▸ DATA EXCERPTS
======

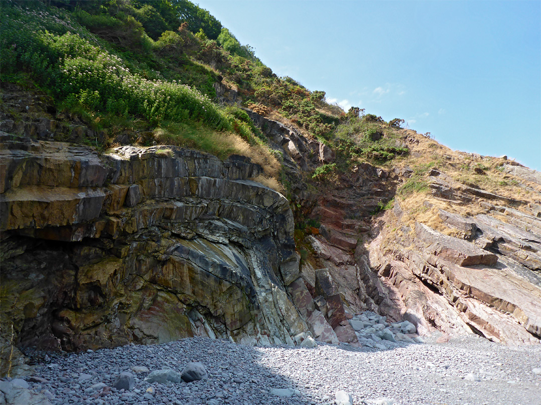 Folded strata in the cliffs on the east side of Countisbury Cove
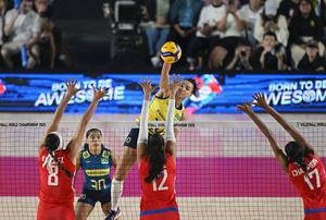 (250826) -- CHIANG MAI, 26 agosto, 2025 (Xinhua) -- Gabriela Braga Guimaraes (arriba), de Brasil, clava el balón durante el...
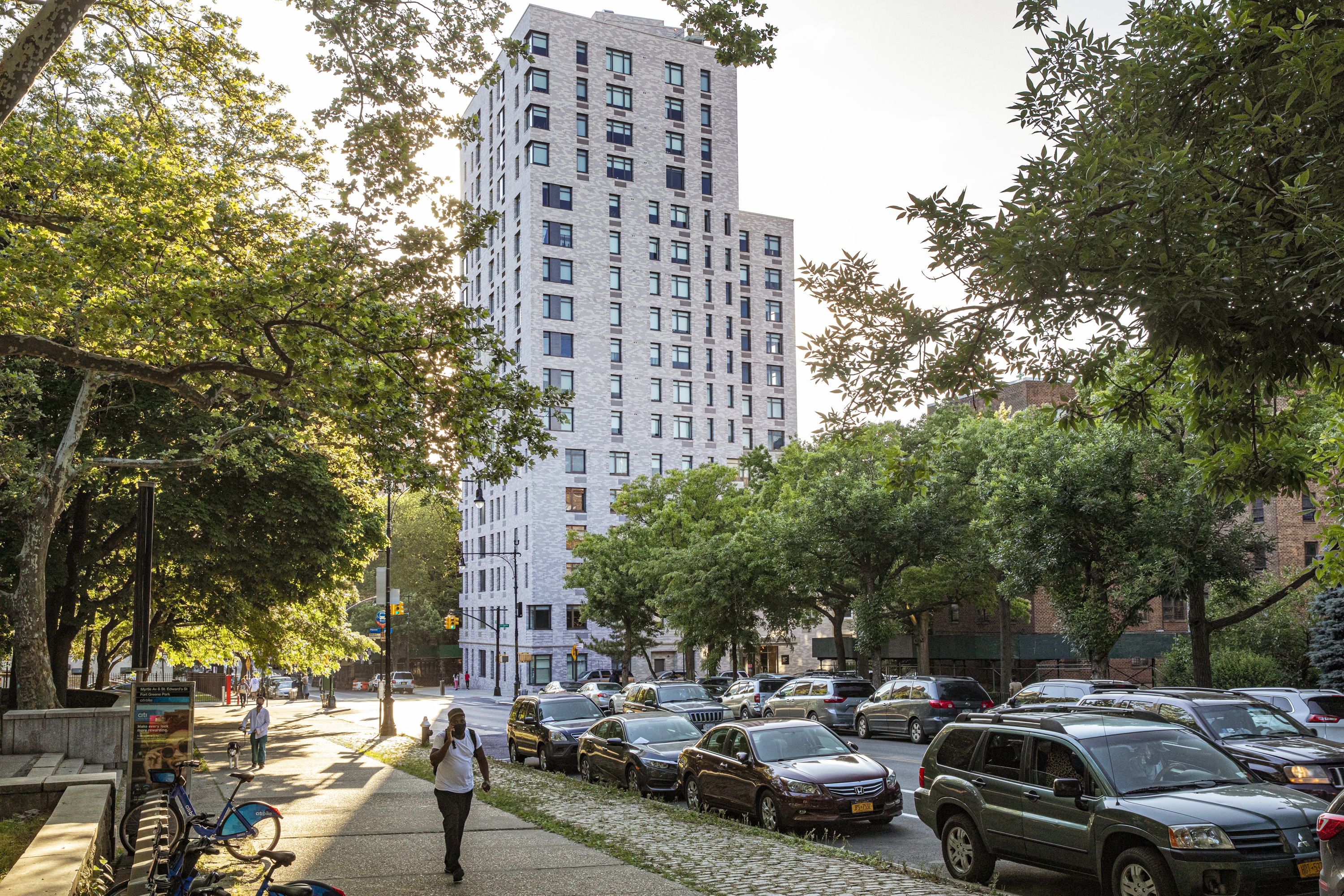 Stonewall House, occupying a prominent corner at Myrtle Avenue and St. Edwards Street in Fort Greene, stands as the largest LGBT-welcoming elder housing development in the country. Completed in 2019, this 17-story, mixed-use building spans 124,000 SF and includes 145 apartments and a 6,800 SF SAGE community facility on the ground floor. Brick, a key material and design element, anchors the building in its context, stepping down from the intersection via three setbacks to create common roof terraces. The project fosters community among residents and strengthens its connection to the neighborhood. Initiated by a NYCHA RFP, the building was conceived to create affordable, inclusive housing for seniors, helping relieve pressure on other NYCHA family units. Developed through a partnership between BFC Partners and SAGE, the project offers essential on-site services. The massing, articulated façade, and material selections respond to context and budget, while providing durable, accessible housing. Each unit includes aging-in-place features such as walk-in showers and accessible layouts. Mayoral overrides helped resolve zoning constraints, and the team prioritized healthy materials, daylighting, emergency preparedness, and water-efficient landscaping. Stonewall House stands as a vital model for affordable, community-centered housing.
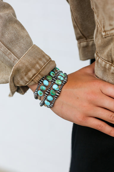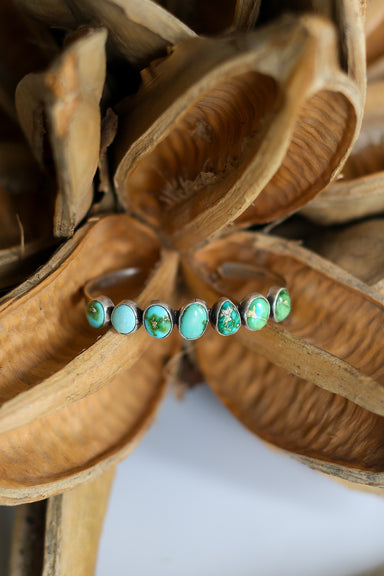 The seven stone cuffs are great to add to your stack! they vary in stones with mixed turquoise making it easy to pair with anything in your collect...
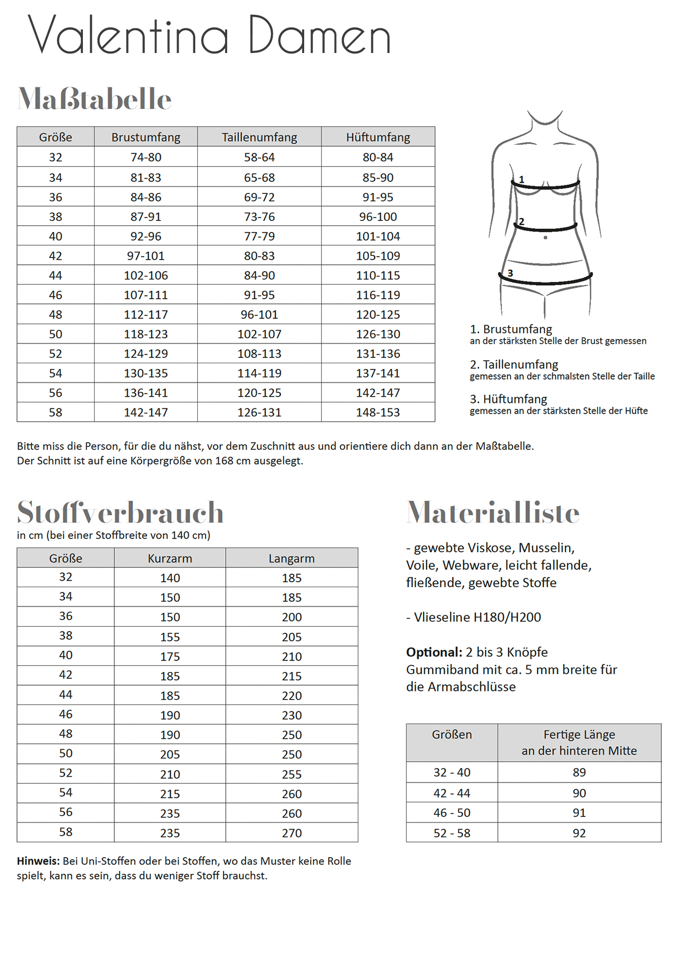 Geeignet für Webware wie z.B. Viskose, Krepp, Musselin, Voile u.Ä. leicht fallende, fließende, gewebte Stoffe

======

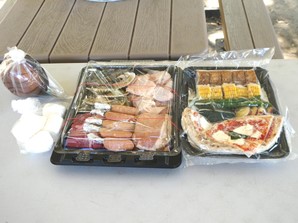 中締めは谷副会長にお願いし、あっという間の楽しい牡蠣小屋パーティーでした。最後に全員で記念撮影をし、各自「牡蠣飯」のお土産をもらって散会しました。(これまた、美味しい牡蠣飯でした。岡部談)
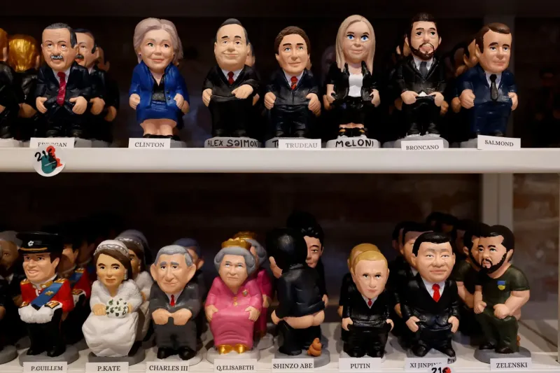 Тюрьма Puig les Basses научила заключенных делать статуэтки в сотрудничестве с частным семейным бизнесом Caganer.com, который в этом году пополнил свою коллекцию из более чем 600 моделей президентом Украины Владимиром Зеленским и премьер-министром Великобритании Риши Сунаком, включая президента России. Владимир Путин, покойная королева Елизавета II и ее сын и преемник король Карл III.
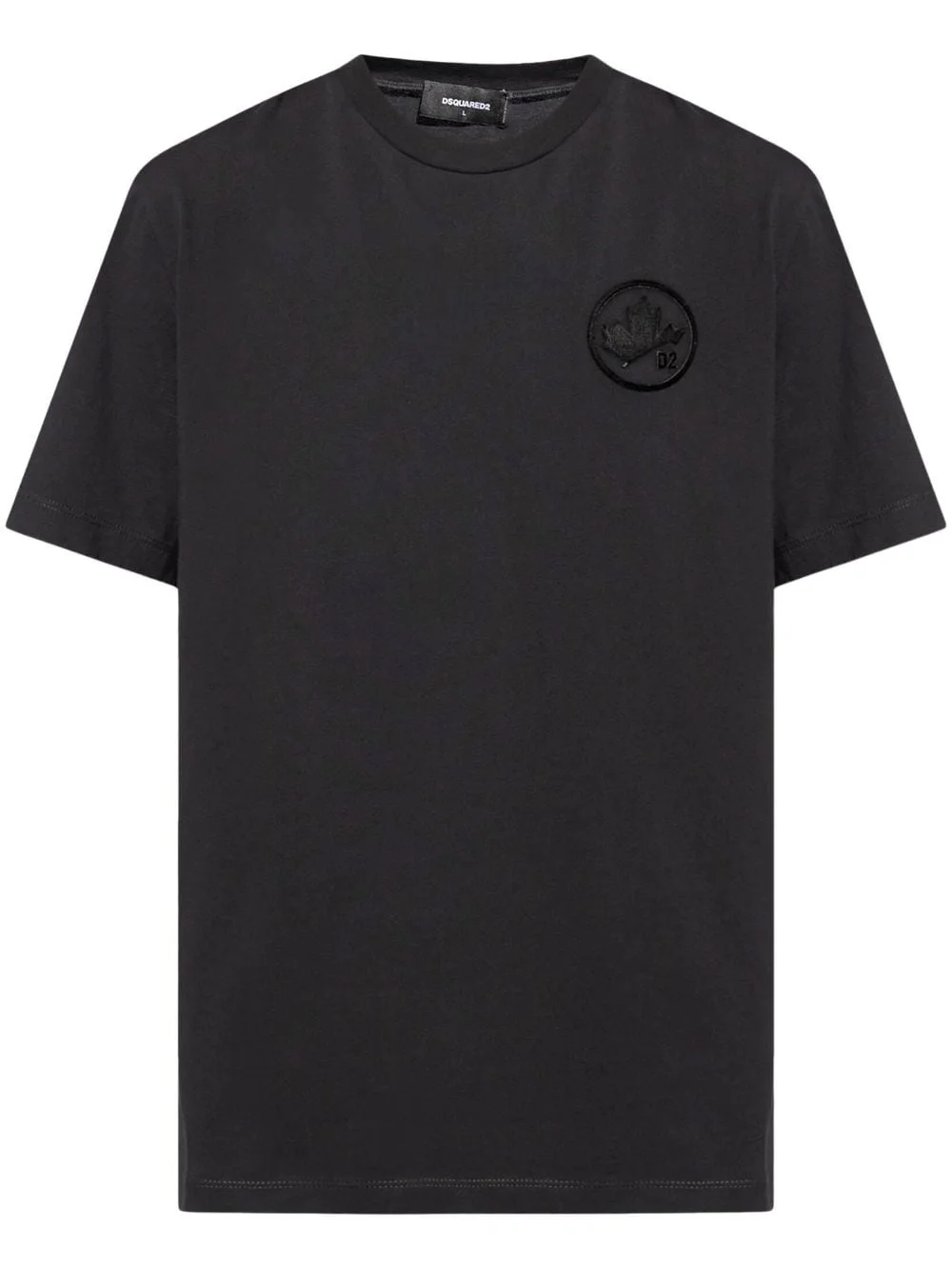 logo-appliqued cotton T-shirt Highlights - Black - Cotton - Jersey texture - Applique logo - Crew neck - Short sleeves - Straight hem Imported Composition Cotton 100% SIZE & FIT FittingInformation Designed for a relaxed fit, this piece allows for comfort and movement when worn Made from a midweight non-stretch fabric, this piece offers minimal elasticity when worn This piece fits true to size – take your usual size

======

▸ ABOUT THIS EXERCISE
The reply should hold exactly the lines above, starting at the line with "Folded strata in" and ending at the line with "Geeignet für Webware", and no pictures.

▸ TASK SOLUTION
 Folded strata in the cliffs on the east side of Countisbury Cove
 (250826) -- CHIANG MAI, 26 agosto, 2025 (Xinhua) -- Gabriela Braga Guimaraes (arriba), de Brasil, clava el balón durante el...
 Stonewall House, occupying a prominent corner at Myrtle Avenue and St. Edwards Street in Fort Greene, stands as the largest LGBT-welcoming elder housing development in the country. Completed in 2019, this 17-story, mixed-use building spans 124,000 SF and includes 145 apartments and a 6,800 SF SAGE community facility on the ground floor. Brick, a key material and design element, anchors the building in its context, stepping down from the intersection via three setbacks to create common roof terraces. The project fosters community among residents and strengthens its connection to the neighborhood. Initiated by a NYCHA RFP, the building was conceived to create affordable, inclusive housing for seniors, helping relieve pressure on other NYCHA family units. Developed through a partnership between BFC Partners and SAGE, the project offers essential on-site services. The massing, articulated façade, and material selections respond to context and budget, while providing durable, accessible housing. Each unit includes aging-in-place features such as walk-in showers and accessible layouts. Mayoral overrides helped resolve zoning constraints, and the team prioritized healthy materials, daylighting, emergency preparedness, and water-efficient landscaping. Stonewall House stands as a vital model for affordable, community-centered housing.
 The seven stone cuffs are great to add to your stack! they vary in stones with mixed turquoise making it easy to pair with anything in your collect...
 Geeignet für Webware wie z.B. Viskose, Krepp, Musselin, Voile u.Ä. leicht fallende, fließende, gewebte Stoffe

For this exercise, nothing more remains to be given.